▶ [Given data]
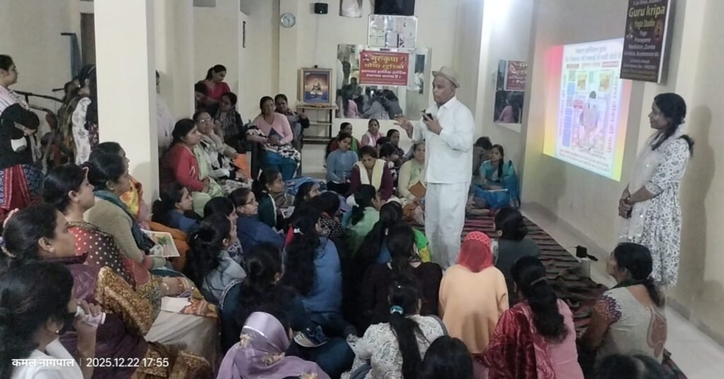 सिंधी कॉलोनी स्थित गुरु कृपा योगा स्टूडियो में और सिंधी धर्मशाला में उक्त आयोजन किया गया।साथ ही कई अन्य धर्म स्थलों पर यह आयोजन किया गया।आनंद मपुर कुटिया,पदमनगर एवं ब्रह्मकुमारी आश्रम में भी निःशुल्क सेवा भोपाल के आरोग्य केंद्र से आए नेचुरोपैथी डॉक्टर रमेश टेवानी द्वारा नेचुरोपैथी शास्त्र पर आधारित जानकारी दी गई।शिविर का उद्देश्य प्राकृतिक उपचार पद्धतियों के माध्यम से आमजन को स्वस्थ जीवनशैली के प्रति जागरूक करना था।कार्यक्रम में नेचुरोपैथी विशेषज्ञों ने योग,प्राणायाम, आहार चिकित्सा,जल चिकित्सा एवं प्राकृतिक दिनचर्या के महत्व पर प्रकाश डाला।डॉ रमेश टेवानी ने रोगों की जड़ तक पहुंचकर बिना दवाइयों के उपचार की पद्धति समझाई।बड़ी संख्या में नागरिकों ने शिविर में भाग लेकर परामर्श प्राप्त किया।आयोजकों ने बताया कि भविष्य में भी ऐसे शिविरों के माध्यम से समाज को प्राकृतिक और संतुलित जीवनशैली अपनाने के लिए प्रेरित किया जाएगा।उपस्थित लोगों ने इस पहल की सराहना करते हुए इसे स्वास्थ्य के प्रति जागरूकता बढ़ाने वाला कदम बताया।शिविर के दौरान गुरुकृपा योगा स्टूडियो मे योग कर रोग मुक्त जीवन जी रहे सदस्यों को सम्मानित किया गया,जिसमें खुशी वासवानी,सिमरन हेमवानी,लवीना आहूजा, जिया हेमवानी,लता सहजवानी,पलक पिंजानी,गरिमा हेमवानी,जिया सादीजा ,सोनी शिवनानी ,वैजंती कृपलानी ,प्रीति मोटवानी, शालिनी मालवीया पुरवा वर्मा ,लता उपाध्याय, ननदिनी मालविया, आरती राठोर ,गीता पंजवानी,नेहा मालानी,ममता जैसवानी ,सीमा हेमवानी,मोनिका हेमवानी,अनीता चंचलानी,सौम्या सादीजा ,सुम्मती जैसवानी सिमरन आहूजा आदि को सम्मानित किया गया भारतीय सिंधु सभा महिला शाखा के प्रवक्ता कमल नागपाल ने बताया कार्यक्रम के दौरान समाज के वरिष्ठ समाज सेवी अनिल आरतानी द्वारा पेट साफ करने के 100 यंत्र एवं किताब निशुल्क बाटी गई।कार्यक्रम में अतिथि के रुप में ब्रह्मकुमारी आश्रम से शक्ति दीदी एवं सिंधी समाज के वरिष्ठ अनिल आरतानी एपार्षद काजल लालवानी, निरंकारी मंडल की हरि दीदी एवं सीमा आनंद ने निभाई।कार्यक्रम का संचालन नीलम बजाज ने किया।भारतीय सिंधु सभा महीला शाखा अध्यक्ष कोमल होतवानी ने बताया कि साल की समाप्ति एवं नए साल की आगमन पर कुछ ऐसा किया जाए जिससे सभी को लाभ हो ओर दुआएं प्राप्त हो ये सोच रखते हुए उनके द्वारा इस शिविर का आयोजन किया गया।शिविर में 300 से लोगो ने लाभ प्राप्त किया।कार्यक्रम में मुख्य भूमिका भारतीय सिंधु सभा महिला शाखा की रिद्धि तेजवानी, दीपिका कोटवानी, मीनाक्षी ढोंडवानी, निलम बजाज,रानी खेमानी,नंदिनी राजोरकर,काज़ल लालवानी,जिया मोटवानी,प्रिया मोटवानी,जिया शादीजा,संगीता झुमरानी,अनीता चंचलानी,मोना गुर
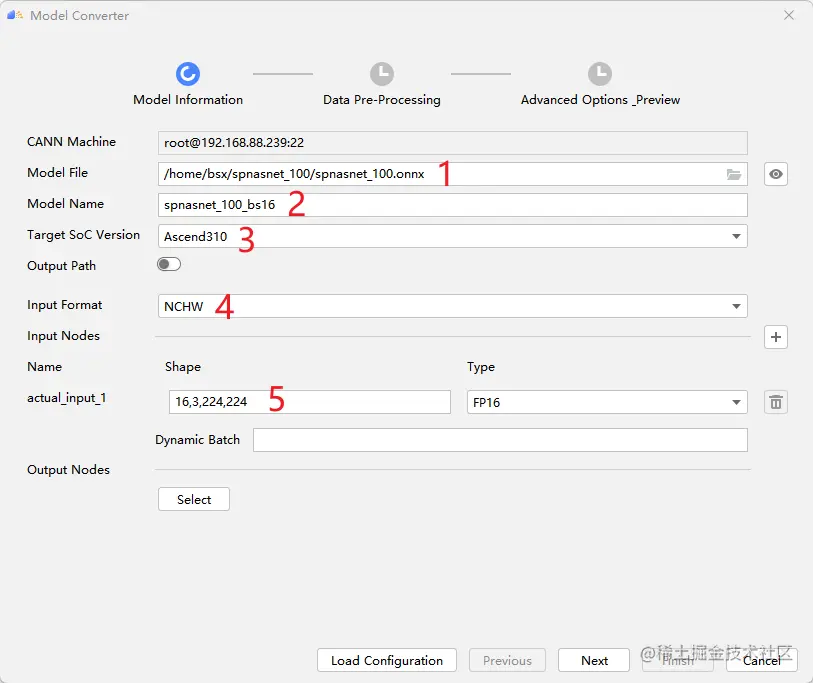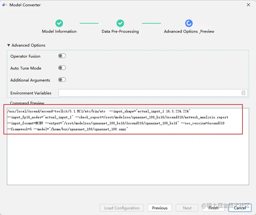 MindStudio自动生成如下atc指令,用户可以在此做最后的校验,点击Finish即可开始进行模型转换。
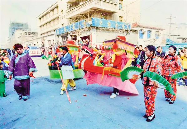 1982年的正月燈節(jié)時(shí),安康城區(qū)的群眾在大北街道觀看燈節(jié)的表演(圖一)。1985年正月燈節(jié)時(shí),安康城區(qū)的各單位也參與到花燈表演,歡天喜地地舞龍弄獅,熱熱鬧鬧地過大年(圖二)。2002年春節(jié),旬陽縣城的人們被熱鬧的彩船表演所吸引。其中“老搖婆”的扮演者朱漢春老人是當(dāng)?shù)赜忻奈乃噽酆谜?圖三)。

▶ [Requirement] From the line containing "MindStudio自动生成" down to the final line of the listing above, write out only those lines exactly as they are, minus the pictures.

▶ [Written response]
 MindStudio自动生成如下atc指令,用户可以在此做最后的校验,点击Finish即可开始进行模型转换。
 1982年的正月燈節(jié)時(shí),安康城區(qū)的群眾在大北街道觀看燈節(jié)的表演(圖一)。1985年正月燈節(jié)時(shí),安康城區(qū)的各單位也參與到花燈表演,歡天喜地地舞龍弄獅,熱熱鬧鬧地過大年(圖二)。2002年春節(jié),旬陽縣城的人們被熱鬧的彩船表演所吸引。其中“老搖婆”的扮演者朱漢春老人是當(dāng)?shù)赜忻奈乃噽酆谜?圖三)。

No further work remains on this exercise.